Через десять минут звякнул вызов внутренней телесвязи. На экране появилось слегка озабоченное лицо надзирателя семнадцатого этажа: – Больной номер восемьсот двенадцать скончался.

– Ваш предварительный диагноз?

– Крайнее нервное истощение. Вы же знаете, где он служил. Плюс наркотики.

– Хорошо. Внесите сведения в компьютер.

– Слушаюсь...

...Он щелкнул переключателем на дверном косяке и сказал в переговорную мембрану: – Дежурный номер 813 прибыл.

Блеснув пластиком, бронированная дверь беззвучно отошла в сторону. Он шагнул внутрь, и дверь встала на место, слившись со стеной. Сидевший у пульта встал, буркнул "привет" и проговорил уставную фразу: – Семнадцать ноль-ноль. Дежурство сдал.

– Семнадцать ноль-ноль. Дежурство принял.

Он уселся поудобнее в вертящемся кресле, крутнулся влево-вправо, покосился на Софи, немигающе смотревшую из-за прутьев клетки, щелкнул тумблером командного устрoйства – мигнул огонек готовности. Проверять, собственно, незачем, но таков заученный порядок, помогающий скоротать хоть часть времени – впереди четыре часа дежурства, или, попросту говоря, скуки.

Закончив ненужную, но обязательную проверку, он откинулся в кресле.

Помигивали разноцветными огоньками индикаторы, медленно подрагивали стрелки на квадратных циферблатах– еле слышно жужжали сервомоторы, готовые принять команду. В овальной крышке пульта желтел вертикально воткнутый Ключ. Чуть правее – красная Клавиша.
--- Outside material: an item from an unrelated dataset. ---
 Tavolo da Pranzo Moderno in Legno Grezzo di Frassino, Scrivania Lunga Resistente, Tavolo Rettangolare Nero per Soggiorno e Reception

На экране телевизора шли кадры какой-то хроники. Не вслушиваясь, он стал нажимать кнопки дистанционного переключения программ. Эта игра ему всегда нравилась: легкое нажатие кнопки, и жизнь начинает скакать галопом, превращаясь в нелепый калейдоскоп, в котором, подчиняясь легкому прикосновению, лихорадочно сменяют друг друга живые картинки. Кадры прыгают, кто-то что-то орет, кто-то стреляет в кого-то, кто-то чистит зубы, рыдает, хрипит в микрофон, колотит в барабан...

И тут на экран выплыло обыкновенное человеческое лицо. Это было так неожиданно – в этой вакханалии музыки, стрельбы, рекламы, колотивших по ушам и по нервам,– обыкновенное человеческое лицо.

Он вслушался в слова диктора за кадром: – ...дважды лауреат Нобелевской премии, член Национальной Академии наук США Лайнус Полинг...

Человек на экране заговорил, но он, не вслушиваясь, быстренько подсчитал – сколько стоит этот док. Две Нобелевские премии – это же не два цента. И почувствовав невольное уважение, он вгляделся в говорившего: ...война стала невозможной до той поры, пока человечество будет сохранять здравый смысл, до той поры, пока не произойдет какой-нибудь технической неполадки, способной привести к катастрофе...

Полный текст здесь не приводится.